In Idaho, the Snake River below Palisades, just over the border from Wyoming, is known as the South Fork to distinguish it from the Henry’s Fork, which soon joins in from the North. Almost everyone else simply calls the big river the Snake. It’s an Idaho thing.
Then there’s the resolution of why the large-spotted Yellowstone cuttthroat common to the east side of the Continental Divide also is native to this section of the Snake, while the fine-spotted subspecies thrives in the upper river near Jackson, Wyo.
The large-spotted cutt has been in the Snake drainage, including the Henry’s Fork, since glacial times and continues to flourish below Palisades. Robert J. Behnke, whose landmark book, “Trout and Salmon of North America,” ranks as the definitive work on such subjects, explains it thus:
“How the two forms … maintain their separate distributions in the upper Snake River drainage is unknown, but they must have evolved differences in behavior and environmental preferences that reinforce their spatial separation.”
Anglers who flock here care only that the South Fork variety is consistently large, generally 16 to 18 inches, and relatively easy to catch using large dry flies. Who could ask for more?
To rid the river of the wretched rainbows, the wildlife agency also promotes heavy spring flows more beneficial to cutts, while also installing traps on larger tributaries to block rainbow invasions.

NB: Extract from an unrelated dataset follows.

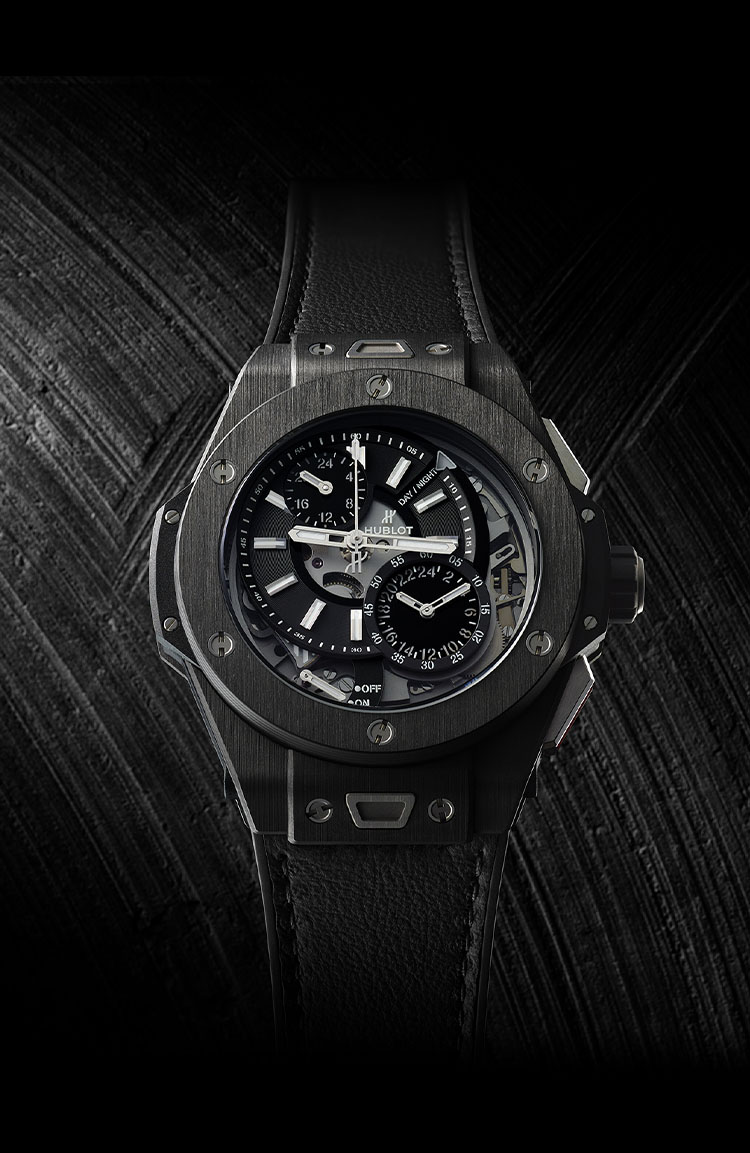 完全な透明度を実現したウブロ独自開発のサファイアクリスタルを、スピリット オブ ビッグ・バンに採用。搭載する手巻きトゥールビヨンCal.MHUB9006のスケルトナイズによる透明性と、時分針とインデックスを際立たせることで時刻の視認性を両立させたウブロの創造力と技術力が堪能できるモデル。パワーリザーブ約5日間(120時間)。
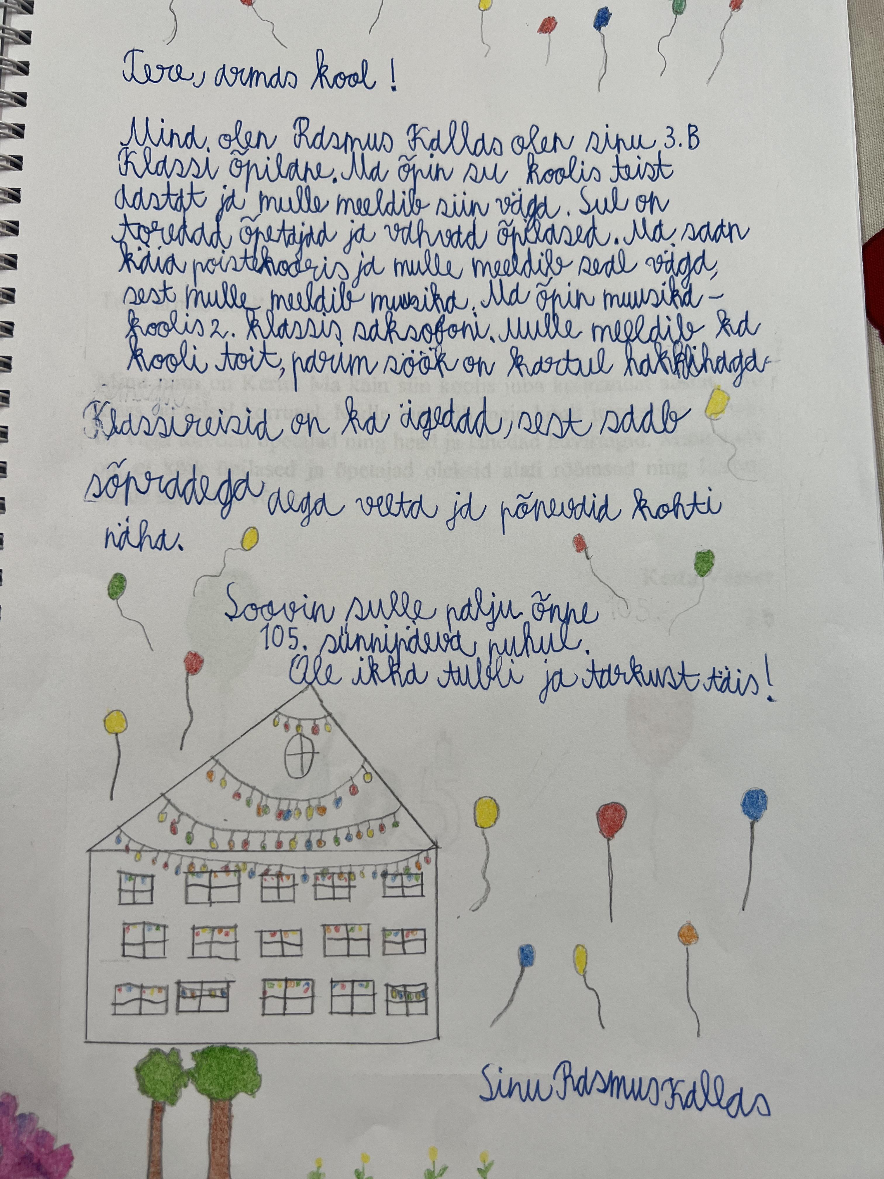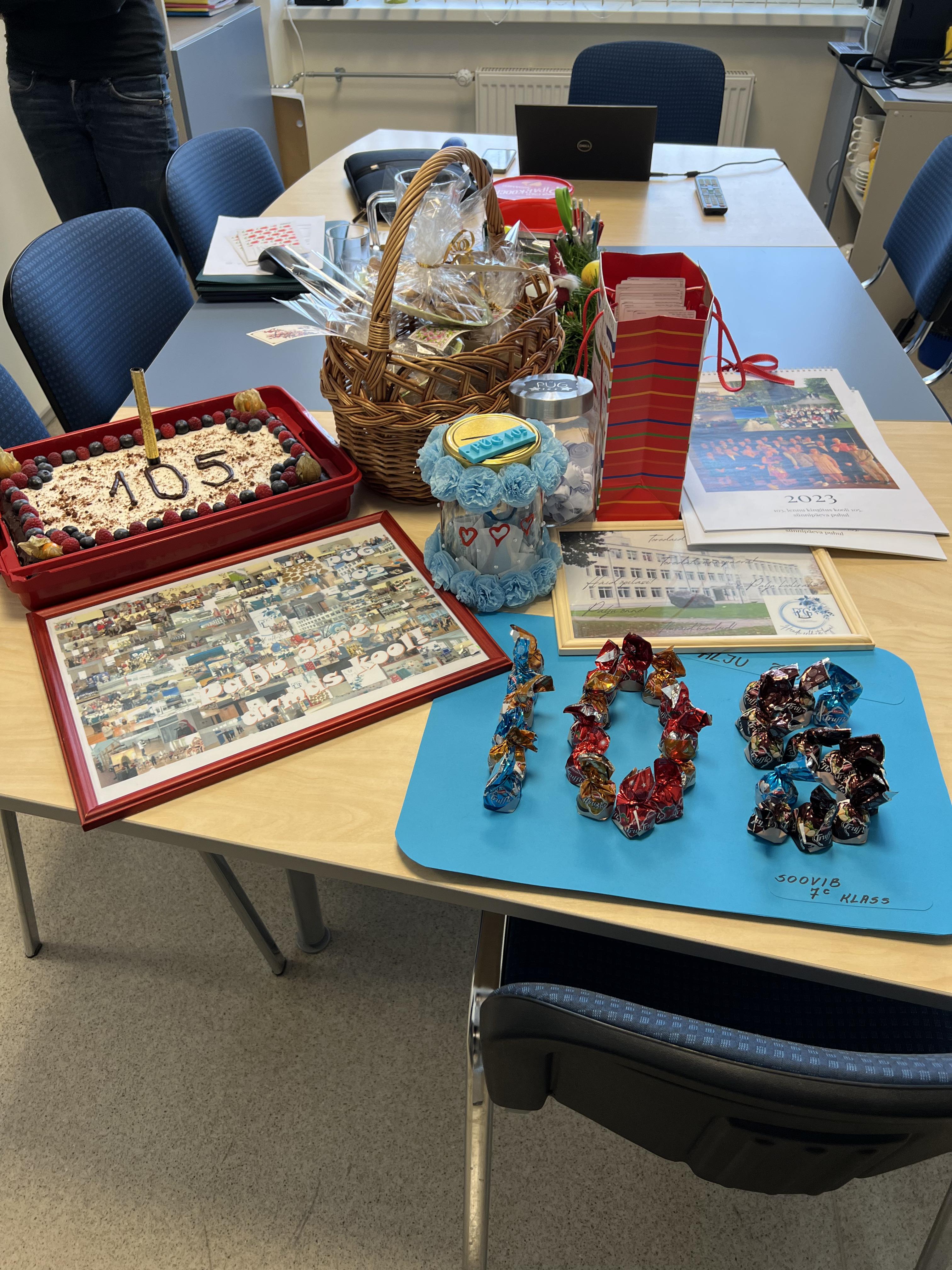 Kingituste tegemisel said õpilased ja õpetajad rakendada oma loovust ning jätsid killukese endast kooli ajalukku. Kooli 105. sünnipäeva puhul valmisid kingitustena näiteks matemaatika töölehed, õpilaste kirjutatud luuletused ja lood, piparkoogid kaasõpilastele, kommidest kujundatud 105, õpilaste fotodega 2023. aasta kalender, heade mõtete purk, õpilaste 105 käejäljest moodustatud kuusepuu kujutis koos heade soovidega (Lustivere õppekoht), soovide puu 105 (Adavere õppekoha soovid avanevad vaataja nutitelefonis, sest on peidetud QR koodi abil), fotokollaaž kooli sündmustest ja 105 kirjutusvahendit.

Rainbows maintain a stronghold immediately below the dam, while cutts reign supreme in the canyon. In a continuing development that bodes ill for a further extension of cutthroat territory, brown trout generally have taken over the lower river, from the Byington Boat Access to Idaho Falls.
“You rarely see a rainbow down here and not very many cutts, either,” said Scott Smith, who floats the South Fork about 30 days a year from his station at Jack Dennis Sports in Jackson.
On his maiden voyage with a new drift boat, Smith was working the stretch between Byington and Lorenzo. An early-season ramp closure caused him to miss the canyon and the cutts.
Now he was in brown trout territory, where deep-drifted streamers ruled the day. The fish were fat and feisty, but this was not the dry-fly action Smith has come to love at a place that rivals more famous western rivers, but with less pressure.
Like a man with a shopping list at his favorite store, Smith ticks off the coming highlights: a phenomenal caddis hatch just before Memorial Day; a salmonfly hatch that begins in mid-June near Idaho Falls and reaches Palisades about July 4; a companion flourish of pale morning duns and yellow sallies, mahogany dun mayflies and some form of caddis or smaller stonefly flitting about all summer.
“July is my favorite month, with lots of hatches and really crazy dry-fly fishing,” Smith declared. “If you can’t catch a trout on a dry fly in this river in July, you need to take up another sport.”